No damage, but you may notice your phone heats up slightly during the charging due to the 0.1V voltage drop. It should not cause long term damage.
Thank you. So, it should be fine. That is what I wanted to hear. I have done some further research and apparently devices that are usb powered can be safely charged in the range of 4.9-5.1 V. Maybe even more, depending on the device.
All chargers supply a higher voltage than the batteries they charge. That is pretty much how they work. There has to be a voltage differential to produce the necessary current flow in the correct direction to charge the battery.

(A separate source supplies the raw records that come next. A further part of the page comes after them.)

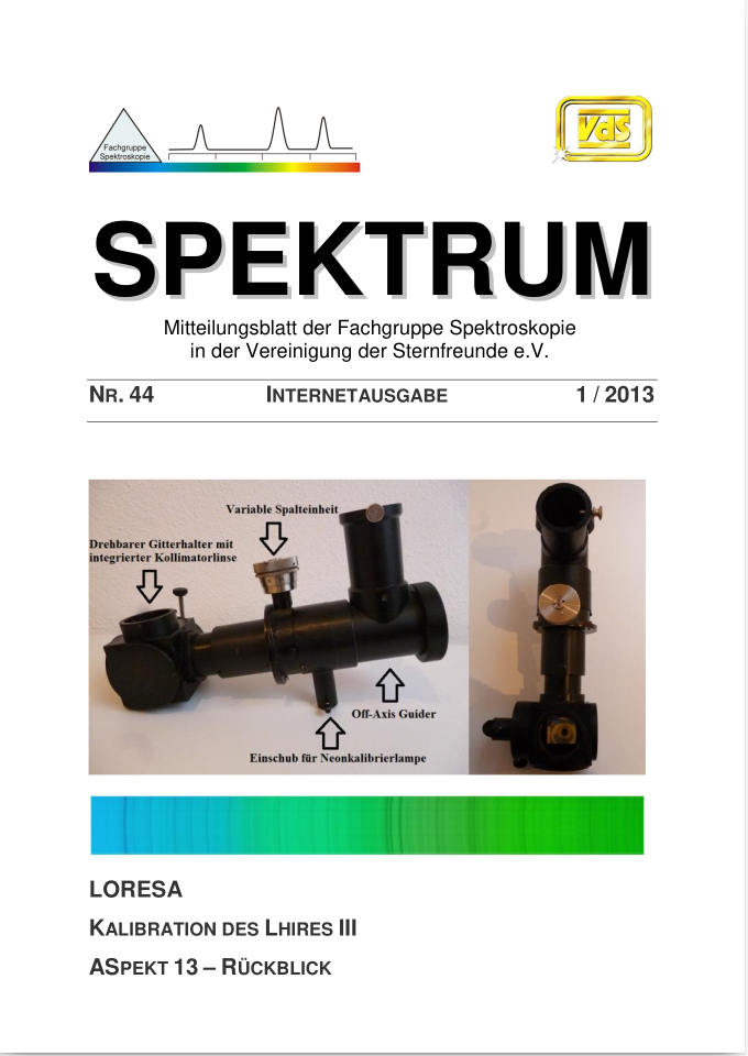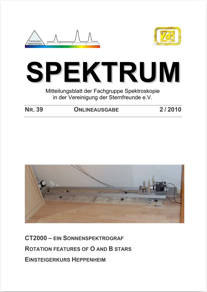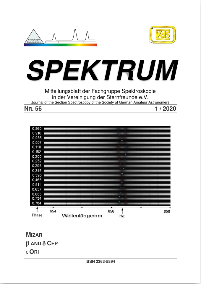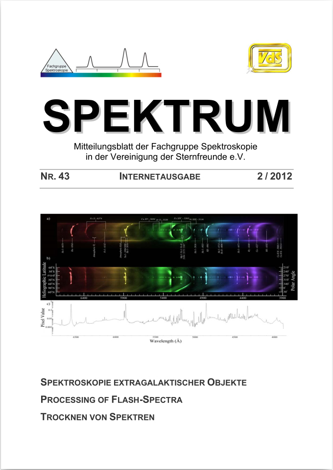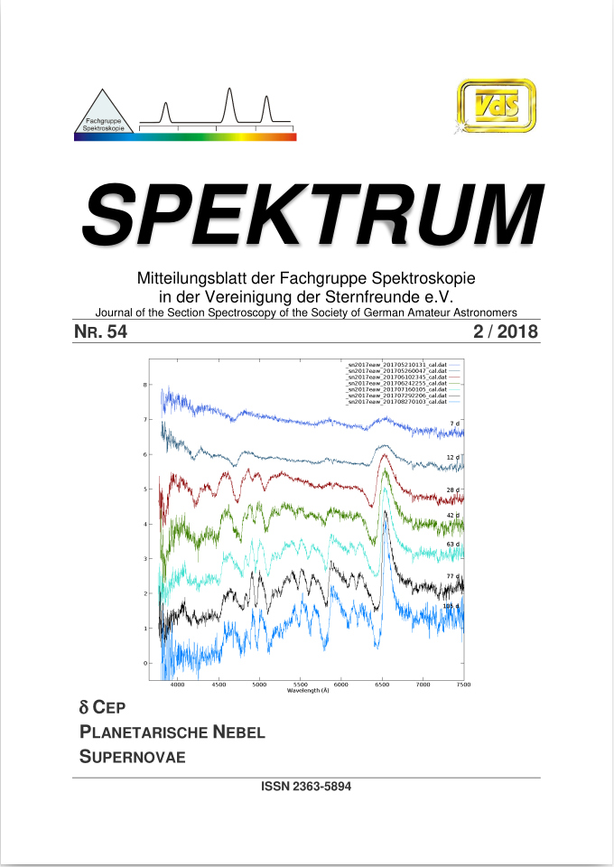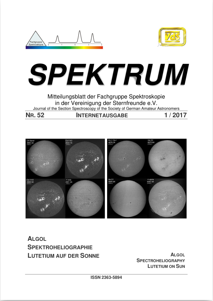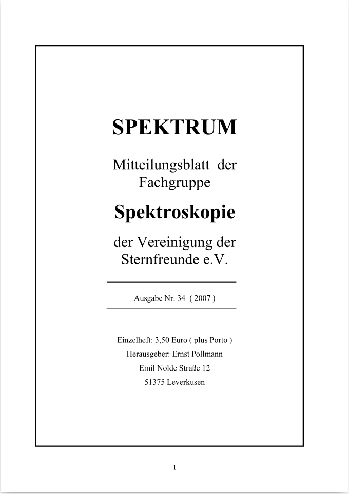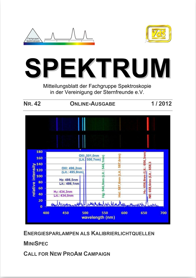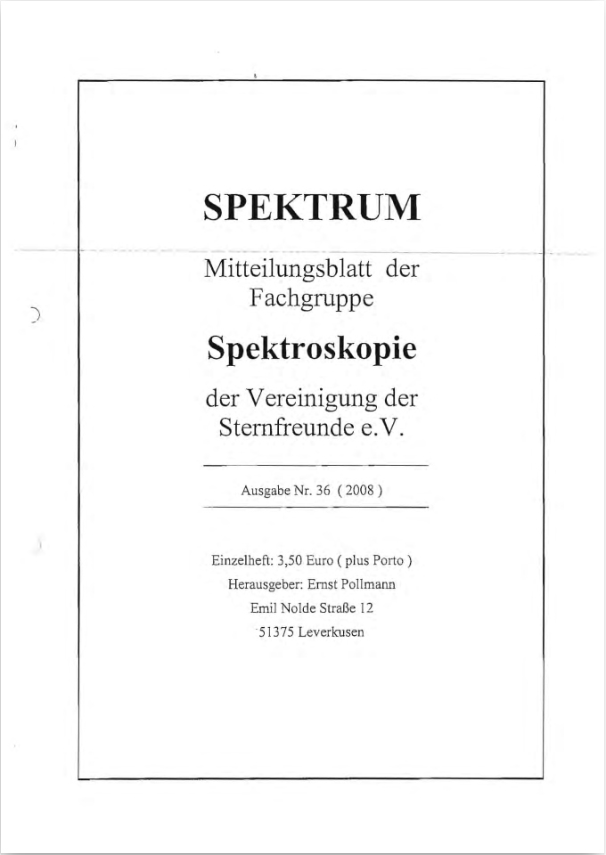SPEKTRUM (ISSN 2363-5894) ist das weltweit älteste ProAm-Journal zur Spektroskopie. Der Text kann in deutsch und englisch verfasst werden. Dr. Thomas Hunger ist unser aktueller Redakteur und Herausgeber. Bitte alle Beiträge an ihn.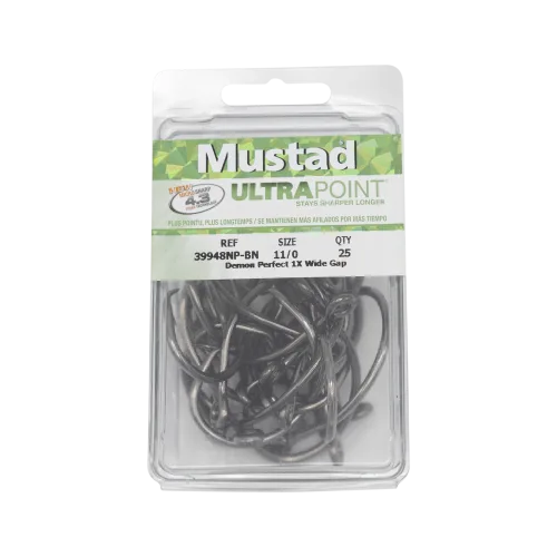 The Mustad Demon® Wide Gap Circle Hook is designed for superior hook-up ratios, featuring a true circle hook shape with an extra-wide gap. Its distinct curved design ensures that when a fish takes the bait, the hook naturally moves to the corner of the mouth or lip, reducing the chances of deep hooking and making it the ultimate choice for catch-and-release fishing. Versatile across multiple techniques, it excels in drifting live bait for Tarpon, trolling bridle-rigged bait for Marlin, or deep-dropping for Swordfish. Made for serious anglers, this hook is perfect for targeting Tuna, Sailfish, Sharks, Wahoo, Halibut, Amberjack, Striped Bass, and more. To maximize effectiveness, always match the hook size to the bait and use a firm tightening of the line rather than a hard strike for the best results.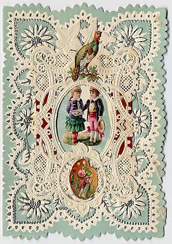 Item# VAL706: LACY TWO-LAYER VALENTINE. A young boy in knee britches presents a valentine to a girl in an oval lace dimensional frame, adorned with a bird and an artist's palette. All this is mounted on an embossed blue and silver background. Inside, a drawing of water lilies and a poem: "When first I saw thee, dearest one, Chief among the young and fair, Little did I think that then, Cupid's self was lurking there, Knew not till I felt the dart, Thou hads't borne away my heart!" Sigh. Send her this one and she's yours! 5 1/2 inches high, in excellent condition, unused. Americn, circa 1900. SOLD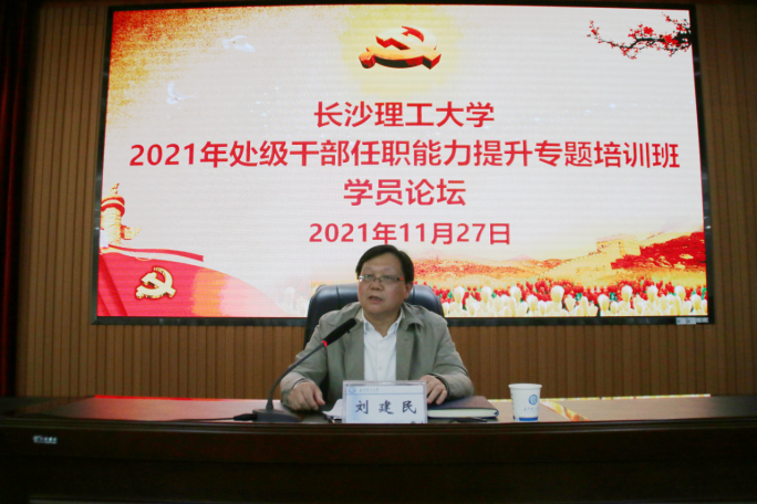 11月27日下午,必赢官网2021年处级干部任职能力专题培训班学员论坛在一办公楼九会议室举行,校党委副书记刘建民、党委组织部常务副部长、党校常务副校长陈曦出席,会议由组织部副部长靳攀科主持。
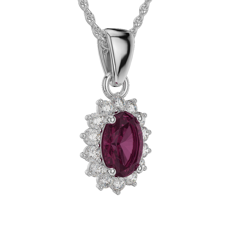 This gorgeous halo pendant made of ruby and diamonds embodies the ideal balance of sophistication and elegance. Its oval design highlights the captivating charm of ruby, enhanced by the brilliant dazzle of diamonds. While the necklace style lends elegance to any ensemble, the prong setting keeps the stones safe. Enhance your look with this classic item.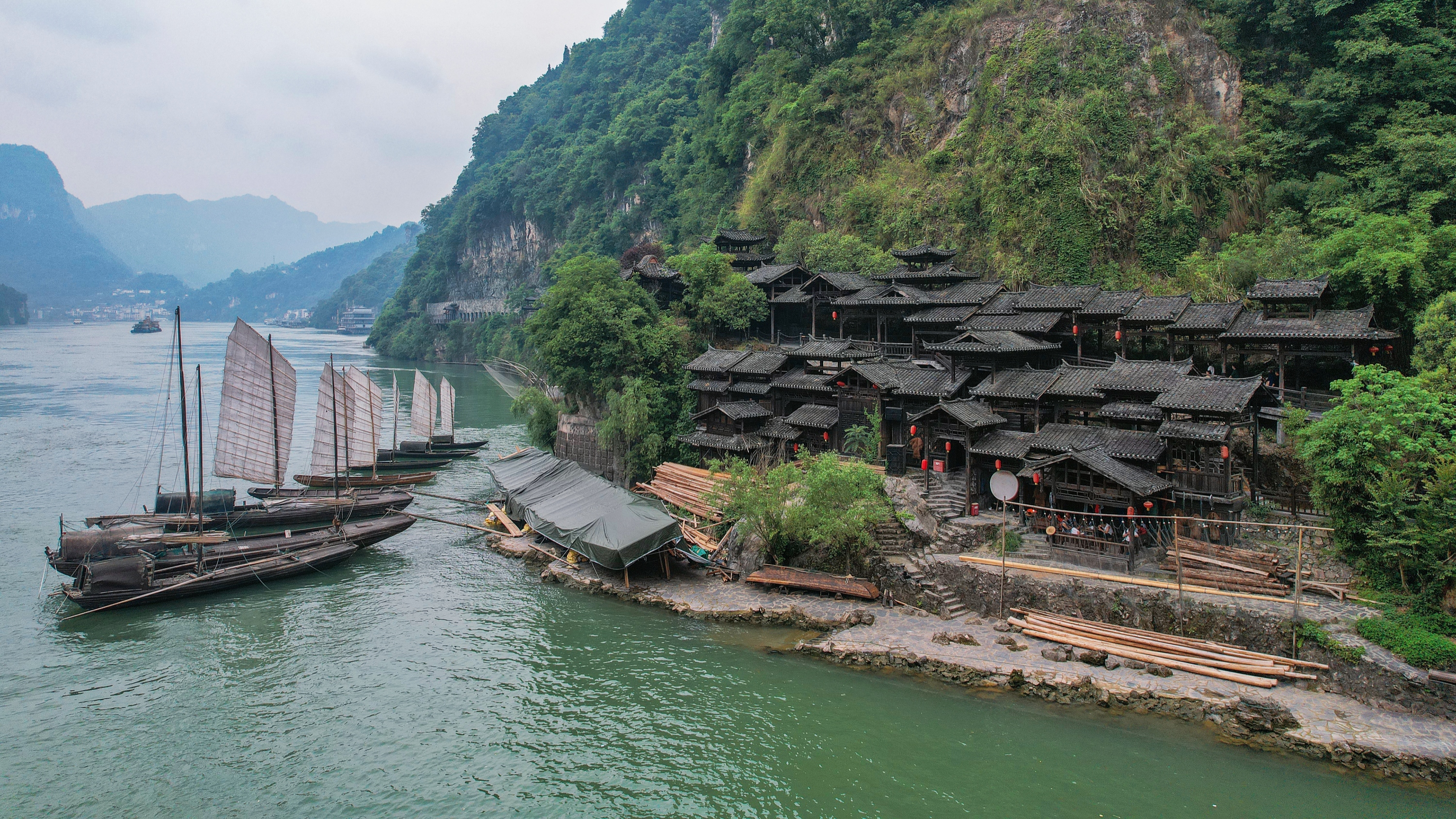 久违的古帆船、乌篷船安静地泊在三峡人家门前,溪边少女挥着棒槌在清洗衣服,江面上悠然的渔家在撒网打鱼……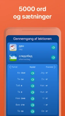 Oplev en læringsrejse, der er bygget omkring dig. Mondly fokuserer på relevante udtryk til virkelige situationer og organiserer dem i korte, overskuelige, tematiske lektioner. Fra krystalklare lydoptagelser af professionelle stemmeskuespillere til øjeblikkelig bøjning af verber med et enkelt tryk – hvert element er designet til at fremskynde din forståelse. Følg din fremgang med detaljeret statistik, udfordr venner på den globale rangliste, og nyd en læringsoplevelse, der løbende tilpasser sig din individuelle stil. Snart vil du uden besvær kunne anvende de 5000 mest essentielle bulgarske ord og vendinger, klar til at forbinde dig med verden.
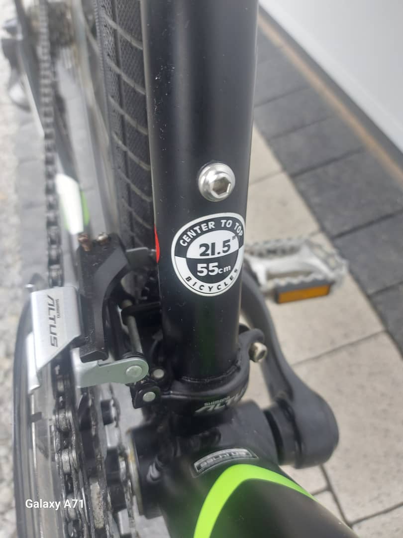 - rama aluminiowa , wytrzymała 21,5 cali ( 55 cm od suportu (pedał) do mocowania pod siodełkiem )

If you look at your car, it has a 12V battery, but typical alternators provide 13.8 to 14.4V charging voltage to the battery. Batteries are very robust devices. You have nothing to worry about.
Thanks, that helps. I was just thrown by the fact that a vast majority of usb chargers are rated for exact 5 V. The folks at Motorola must be slightly weird to have theirs supply 5.1 V instead. You are correct as far as a battery is concerned, but normally it is the small circuitry in between the charging current and the battery that is blown by the higher voltage. That circuitry's main function, among other functions, is to sense when the battery is fully charged and cut off the charging current to prolong the battery's life. That circuitry is rated for a fixed voltage and if you apply a higher voltage to it, a capacitor (I can not remember what it is called exactly, I think coupling capacitor maybe) usually gets blown. When this happens the device is practically rendered dead as it is very difficult to fix. I remember a rule that "current is pulled from the charger by the device" whereas "voltage is pushed from the charger to the device" Supplying a higher voltage to a small electronic gadget like a mp3 player or a phone will most likely kill it. Or is my reasoning flawed?
Your reasoning, in terms of theory (vs real-world) is right. But you still cannot fully charge a 5V battery with a 5V charger. There's has to be a "difference in potential" in order for current to flow. Now will will blow something if you attempt to charge a 5V battery with a 10V charger? Most likely. But here, in practice, we are talking about a 5.1V charger for a 5 volt battery.
If we consider the batter as a "capacitor" then the charging automatically stops when the capacitor voltage is also 5V. Thus, it should be possible to charge a battery to 5V using a 5V charger. As for higher voltages, it has more to do with heat than voltage. If the component is rated for 5V then the excess becomes power loss/voltage loss (=heat) since the circuit is designed to use only a certain current and a certain voltage. The heat will damage the components.
Nope. You can charge it, but it will never get fully charged because the closer the battery gets to fully charged, the resistance to current flow in that direction increases. A charger's voltage HAS to be higher than the battery it is charging for the battery to become fully charged. Remember, a fully charged 5V battery will read a bit higher than 5V. And a battery will become pretty much useless if the voltage drops just a little bit below 5V - perhaps as little as 4.5V and the battery is useless. A little research on google will bare this all out.